# Nissian - Pioneer, Where do the orange wires go?



## caleb812 (Apr 10, 2004)

Im going to use H/U for Head Unit

I am trying to wire a pioneer cassette deck w/ cd changer control.
I Have a wiring harness and have the red wire from the harness that says
12v ignition going to the H/U's red wire ignition on-off.
I have the thick black wire from the H/U going to the ground on the wiring harness. and I have the yellow, batt/memory wire going to the orange wire on the H/U with the little memory box (at least that what I think it is) on it.
There is a fuse in this wire that is fine. I have the blue power antenna wire going to the remote wire on the H/U. 

All this hooked up and I thought it should work, but I plug in the harness and I got notta, nothing. Wont come one. no noise, no smell, no visual, just like its not even getting power. :thumbdwn: 

But alas I have to wires in the harness left. One says "Positive dimmer" and it is orange w/ a white stripe on it. And the other says "Illumination" and its just solid orange. do these two wires need to get hooked up on the H/U somewhere? Is this my problem? Or is there something up with car not getting power to the radio or is the H/U just dead.

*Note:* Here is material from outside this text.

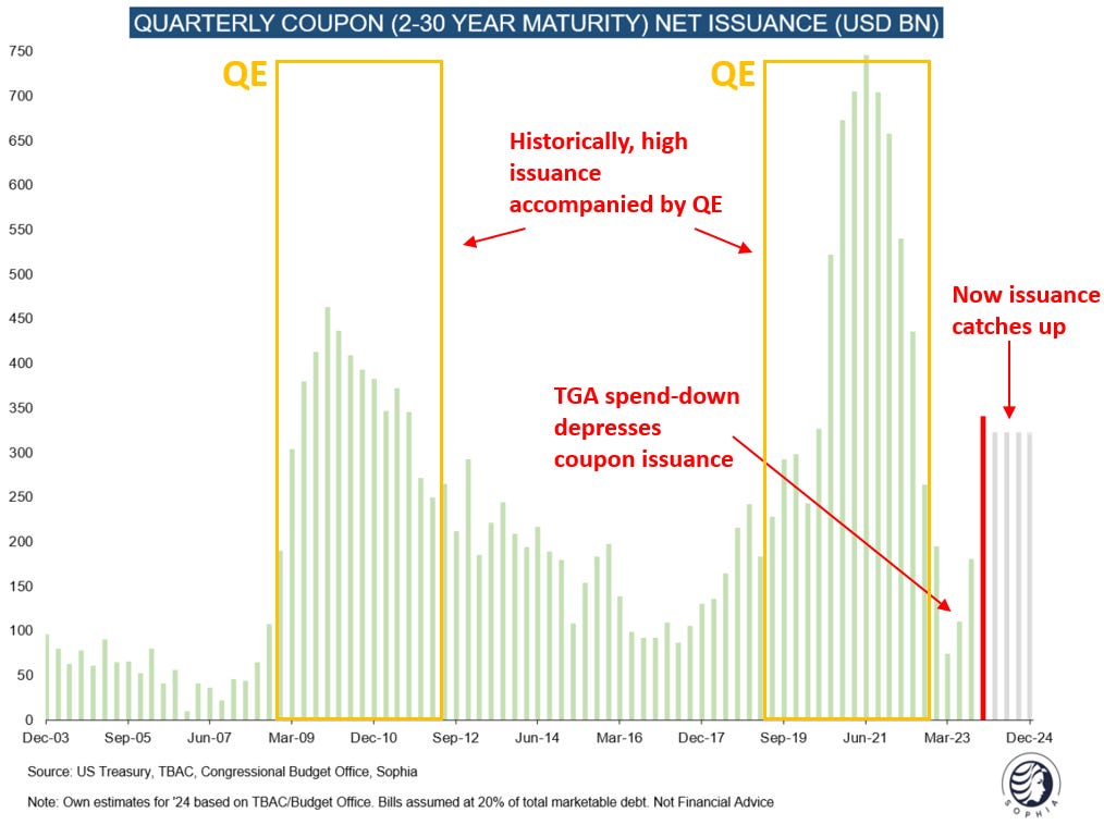 As I had written in various recent posts, long-end supply has grown enormously this past quarter. The deficit needs to be funded, and a catch-up is necessary after the debt ceiling has passed

Any help is appreciated. Thanks!


----------



## xt_out (Jun 23, 2003)

the illumination is hooked up on my kenwood, although im not sure what exactly it does...i was just out there and did see that wire though.


----------



## nismoprincess (Sep 27, 2002)

the dimmer wire is connected to your dash lights when you dim your dash lights the head unit lights dim too. It's not really necessary and it wouldn't be why your head unit isn't powering up. there has to be a wrong connection either your red, yellow, or black wire. If you have a tester check and see if your getting power from these wires, or you might have blown a fuse. check the fuses on the wires (red and yellow) and on the head unit.


----------



## xt_out (Jun 23, 2003)

^damn!!! beautiful _and_ smart. you go girl


----------